Humility – to accept that you won’t have all the answers right at the beginning. Without humility there’s no way you can learn what you need to know because you won’t even try. And without humility you can’t abandon what you were doing when it’s clear it doesn’t work, because that means accepting that you were wrong.

Wisdom – To know that you don’t know (a lot) yet. It takes a little intelligence to recognize what doesn’t work, and probably a lot more intelligence to understand why it doesn’t work. Only when that’s done can you move towards figuring out what can work.

Summing Up

Understanding Premature Optimization means you don’t try to solve everything right up to the end.

If it’s like running a 1000 metre race, then solving the first 100m and having a slightly vague idea about the next 100, an even more vague one about the next 100, and so on, should probably be good enough.

Maybe this doesn’t apply to thing like space launches or setting up nuclear reactors – but these are different situations, I think.

Why are they different?

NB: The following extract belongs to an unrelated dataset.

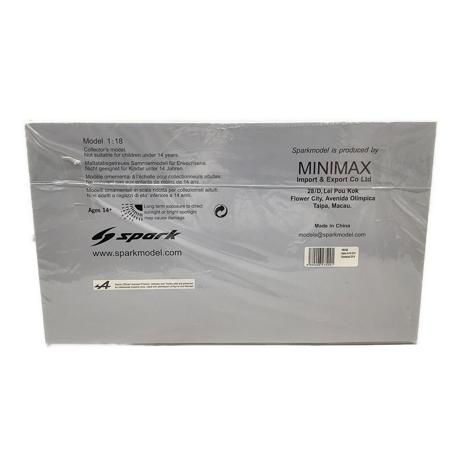 SPARK (スパーク) Alpine A110 GT4 Goodwood 2018 ミニカー 1/18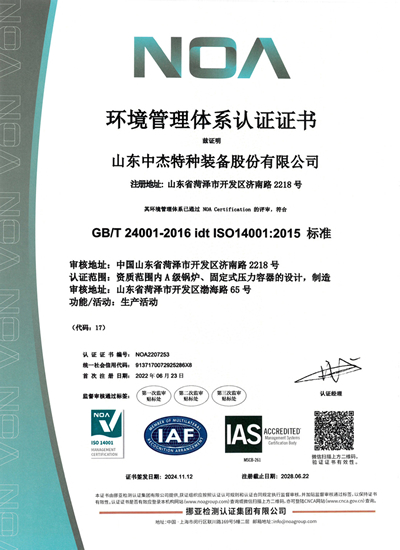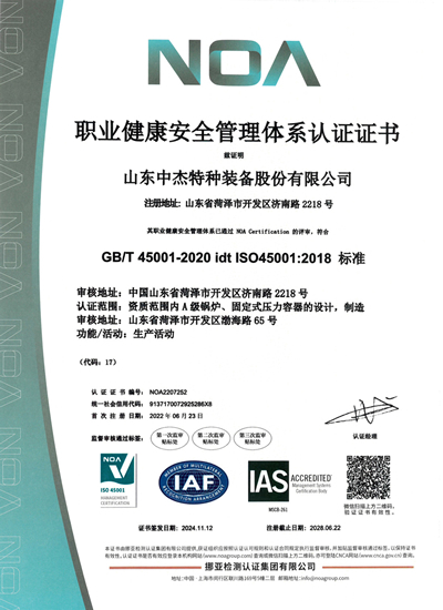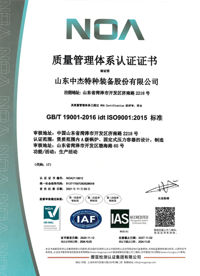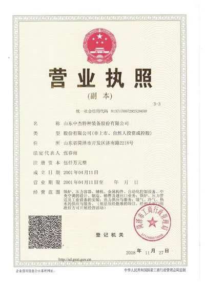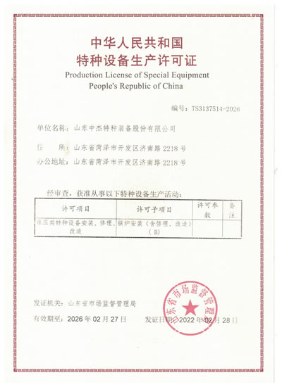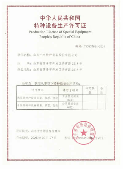 山东中杰特种装备股份有限公司(原菏泽锅炉厂有限公司)成立于1984年,公司先后被评为“高新技术企业”,“山东省专精特新企业”,“山东省瞪羚企业”,“山东省制造业单项冠军企业”,2022年8月被工信部认定为“国家专精特新小巨人企业”等荣誉。公司拥有自营进出口权,具有A级锅炉制造许可及A2级压力容器制造许可资质,A2级压力容器设计许可资质,B级锅炉安装和GB2类、GC2类压力管道安装许可资质及三级机电设备安装专业承包资质,是中国锅炉与水处理协会会员单位、中国化工装备协会会员单位和山东省装备制造协会理事单位,并通过了ISO9001质量管理体系、ISO14001环境管理体系、OHSAS18001职业健康安全管理体系认证和美国ASME/U2认证。

Firstly, the cost of failure is so high that you don’t mind redundancy, spending lots of extra time and money to reduce the chance of failure even slightly. The higher the cost of failure, the more you’d plan in advance to mitigate it.

Secondly – they’re slightly more predictable environments. It’s possible, though not easy, to model the trajectory of a spacecraft or the threats to a nuclear plant to a large extent of accuracy. But you can’t predict customer preferences or new entrants in a market with the same accuracy, because unexpected events that can’t be modeled happen more frequently.

So what it means is – do your planning thoroughly but don’t expect to be finished with it.

Don’t delay execution because the “strategy” isn’t 100 percent ready yet.

It could be 20 or 30 or 50 or whatever you’re comfortable with and what fits your time constraints. The rest is impossible to plan as of now – the path only becomes visible as you move ahead.